Von der Redaktion
Es gibt Tage und Ereignisse, die sich aufgrund ihrer Bedeutung in das öffentliche Bewußtsein einprägen. Der zweite Weihnachtstag des Jahres 2004 ist ein solches Datum. In den Morgenstunden des 26. Dezembers Ortszeit breitete sich ein gewaltiger Tsunami in den Gewässern Südasiens aus, ausgelöst durch das stärkste Erdbeben seit 40 Jahren. Als dieser Tag wenige Stunden später für die Menschen in Europa begann, lagen bereits knappe Meldungen über diese gewaltige Naturkatastrophe des neuen Jahrhunderts vor.
Das volle Ausmaß der Zerstörung und das Leiden so vieler Menschen wurden sozusagen zeitversetzt bekannt. Damit begannen die großen Kontraste, die den Riesentsunami begleiteten. Aus Gebieten wie den von Europäern bevorzugten Stränden Thailands gab es bald Fernsehbilder, aus entlegenen oder rückständigen Regionen dauerte es Tage, bis man einen Eindruck von der dortigen Not bekam.

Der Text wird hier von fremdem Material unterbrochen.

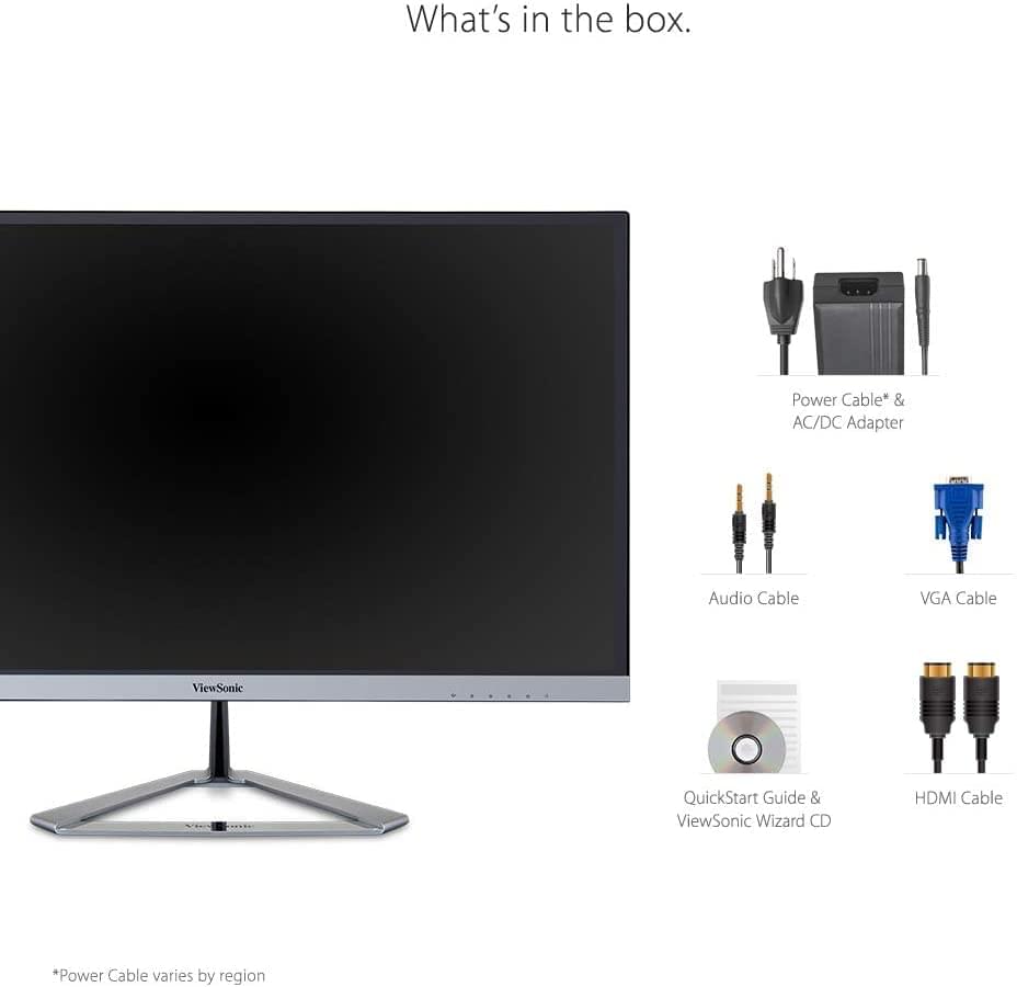 Whether for office use or for enjoying entertainment at home, the ViewSonic® VX2776-SH is designed to take your viewing experience to another level. With a SuperClear® IPS panel and a sleek frameless design, this monitor provides a near-seamless viewing experience ideal for multi-monitor setups. The Full HD resolution boosts efficiency and image detail needed for work or play. A mega dynamic contrast ratio of 80M:1 delivers enhanced image depth for a better user experience. The Built-in HDMI and VGA inputs deliver flexible connectivity options for a wide range of devices.

Verletzte und verstörte Urlauber wollten möglichst bald nach Hause fliegen. Andere hatten sich für eine Fortsetzung ihres Urlaubs entschieden. So sah man eine Woche nach der Katastrophe wieder sich sonnende Europäer am Strand in Thailand, während man in der Nähe mit Planierraupen und Baggern die Trümmer beseitigte. Europäische Gerichtsmediziner flogen nach Bangkok, um bei der Identifizierung der Toten zu helfen. Zeitgleich begrüßte der thailändische Ministerpräsident persönlich die ersten neuen Touristen im Land, und sein Innenminister gab bekannt, wie viele Bars und Lokale in den Tagen nach der Flutwelle in den betroffenen Gebieten wieder geöffnet hatten.

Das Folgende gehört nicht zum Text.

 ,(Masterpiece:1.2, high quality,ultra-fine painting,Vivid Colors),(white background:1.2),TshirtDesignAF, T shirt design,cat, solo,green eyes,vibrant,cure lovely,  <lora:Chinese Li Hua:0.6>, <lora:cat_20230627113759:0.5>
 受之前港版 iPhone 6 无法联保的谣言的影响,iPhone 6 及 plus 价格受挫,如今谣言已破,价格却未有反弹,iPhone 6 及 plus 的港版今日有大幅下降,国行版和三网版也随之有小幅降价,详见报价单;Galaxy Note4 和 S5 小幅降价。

Einer der interessantesten Kontraste hatte jedoch nichts mit Touristen zu tun, sondern mit der Bereitschaft zu helfen. Das Land, das mit mehr als 100 000 Personen die weitaus meisten Toten zu beklagen hatte, ist auch das Land mit der größten islamischen Bevölkerung der Welt: Indonesien. Über 85 Prozent der ca. 212 Millionen Indonesier sind Muslime. Es verwundert daher schon, daß mehr als eine Woche nach der katastrophalen Flutwelle islamische Länder wie Ägypten und Syrien – um einige zu nennen –, sich noch nicht zur Teilnahme am humanitären Einsatz für die Opfer des Tsunamis verpflichtet hatten. Unter den Nationen, die Gelder für die Rettungsaktion versprochen hatten, rangierten die großzügigsten islamischen Länder erst im Mittelfeld der Geberliste.

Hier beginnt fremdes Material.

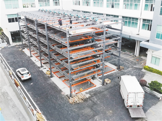 记者昨日来到施工现场看见,立体停车场已完成钢结构框架搭建,正在加快进行设备安装,本月内可投入使用。

Die großzügigsten Geber hingegen sind bis auf Japan alles christliche Länder mit einem geringen muslimischen Bevölkerungsanteil. Einige mögen einwenden, daß es sich bei ihnen um die reichsten Länder der Erde handelt, und das stimmt. Die ölreichen Staaten des Nahen Osten sind jedoch nicht arm und haben anscheinend genügend Geld zur Sicherung des Komforts für ihre Führungsschicht und deren Familien.
Der Tsunami, der elf Länder Südasiens heimsuchte, traf alle. Er ignorierte religiöse, ethnische, politische und wirtschaftliche Unterschiede. Die Hilfsbereitschaft aller, anderen zu helfen, ganz gleich welcher Herkunft und welchen Standes die Opfer sind, ist lobenswert. Angesichts der Übermacht der Natur erkennt man die dringende Notwendigkeit der Zusammenarbeit und der Nächstenliebe. Wir freuen uns auf eine Welt, in der diese Eigenschaften selbstverständlich sind und nicht erst bei einer Naturkatastrophe angemahnt werden müssen.